DATA TO PROCESS –
#####

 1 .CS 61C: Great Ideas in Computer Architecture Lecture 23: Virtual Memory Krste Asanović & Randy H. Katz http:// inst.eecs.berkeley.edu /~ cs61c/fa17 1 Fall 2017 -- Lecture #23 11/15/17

#####

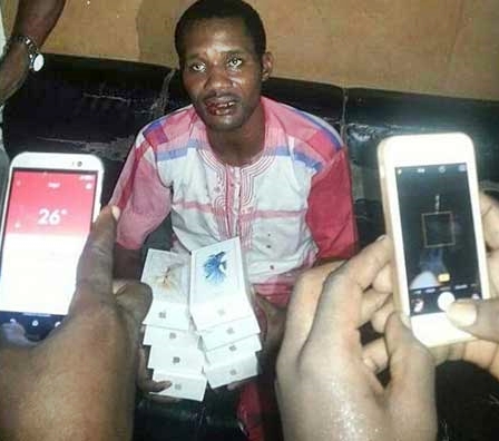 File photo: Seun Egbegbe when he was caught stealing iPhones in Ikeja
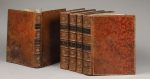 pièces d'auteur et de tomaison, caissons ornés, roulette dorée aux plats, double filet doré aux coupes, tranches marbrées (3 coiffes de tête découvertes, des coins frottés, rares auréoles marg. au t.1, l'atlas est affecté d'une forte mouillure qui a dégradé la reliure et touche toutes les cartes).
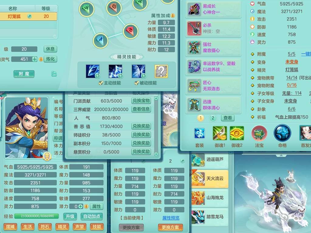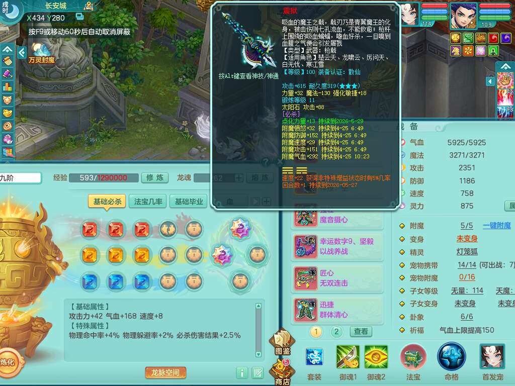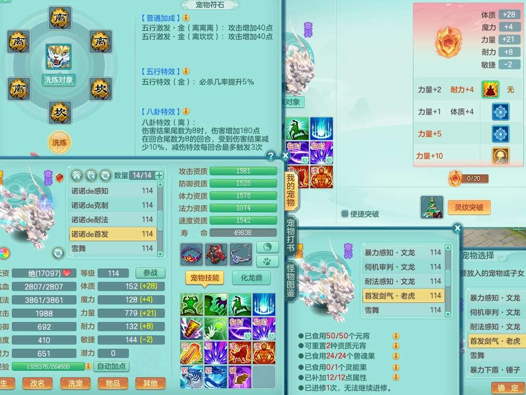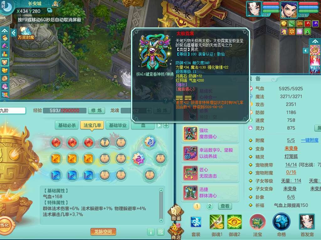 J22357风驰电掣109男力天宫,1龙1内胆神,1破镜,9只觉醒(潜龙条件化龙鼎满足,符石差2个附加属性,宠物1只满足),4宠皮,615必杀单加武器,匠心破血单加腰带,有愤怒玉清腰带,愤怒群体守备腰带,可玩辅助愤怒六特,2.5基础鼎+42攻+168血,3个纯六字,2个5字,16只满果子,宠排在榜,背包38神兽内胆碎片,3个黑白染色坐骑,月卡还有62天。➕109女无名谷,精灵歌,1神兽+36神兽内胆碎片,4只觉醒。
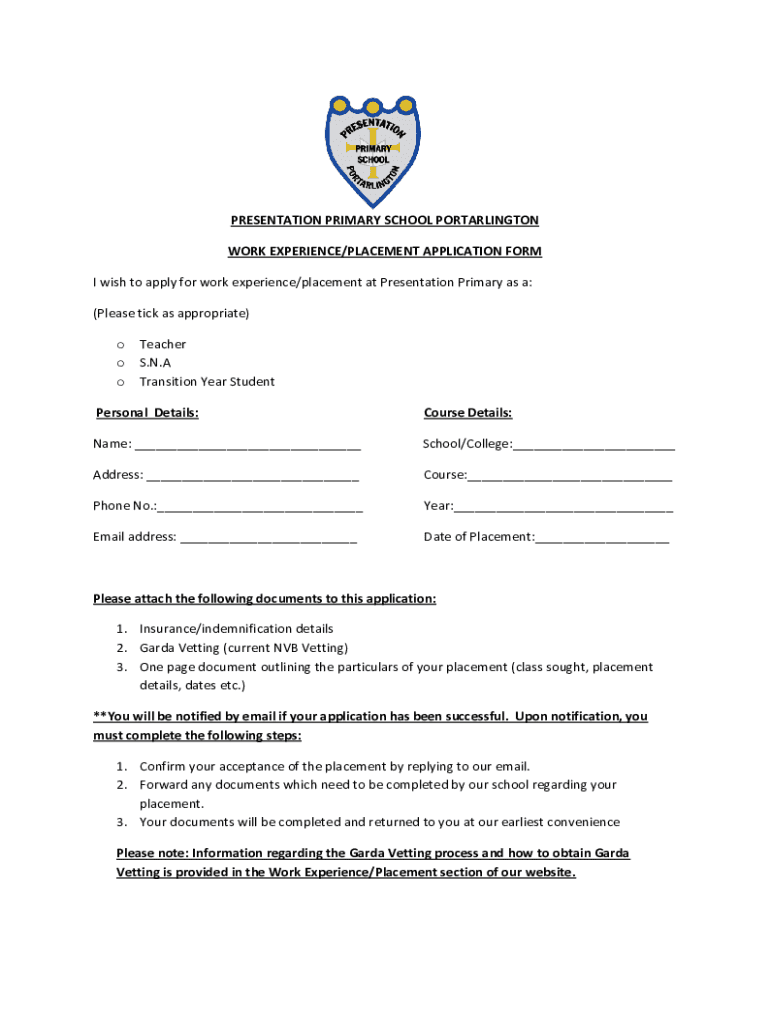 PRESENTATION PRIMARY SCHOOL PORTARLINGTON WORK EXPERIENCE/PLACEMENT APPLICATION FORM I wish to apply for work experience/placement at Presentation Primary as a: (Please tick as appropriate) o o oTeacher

#####

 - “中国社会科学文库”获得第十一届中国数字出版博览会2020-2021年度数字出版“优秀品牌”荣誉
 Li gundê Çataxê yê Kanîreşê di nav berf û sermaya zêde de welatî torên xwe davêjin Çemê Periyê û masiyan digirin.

#####

YOUR INSTRUCTIONS – The material above holds pictures; leave them out. Repeat exactly the lines from the one containing "pièces d'auteur et" through the one containing "J22357风驰电掣109男", and nothing else.

REPLY –
 pièces d'auteur et de tomaison, caissons ornés, roulette dorée aux plats, double filet doré aux coupes, tranches marbrées (3 coiffes de tête découvertes, des coins frottés, rares auréoles marg. au t.1, l'atlas est affecté d'une forte mouillure qui a dégradé la reliure et touche toutes les cartes).
 J22357风驰电掣109男力天宫,1龙1内胆神,1破镜,9只觉醒(潜龙条件化龙鼎满足,符石差2个附加属性,宠物1只满足),4宠皮,615必杀单加武器,匠心破血单加腰带,有愤怒玉清腰带,愤怒群体守备腰带,可玩辅助愤怒六特,2.5基础鼎+42攻+168血,3个纯六字,2个5字,16只满果子,宠排在榜,背包38神兽内胆碎片,3个黑白染色坐骑,月卡还有62天。➕109女无名谷,精灵歌,1神兽+36神兽内胆碎片,4只觉醒。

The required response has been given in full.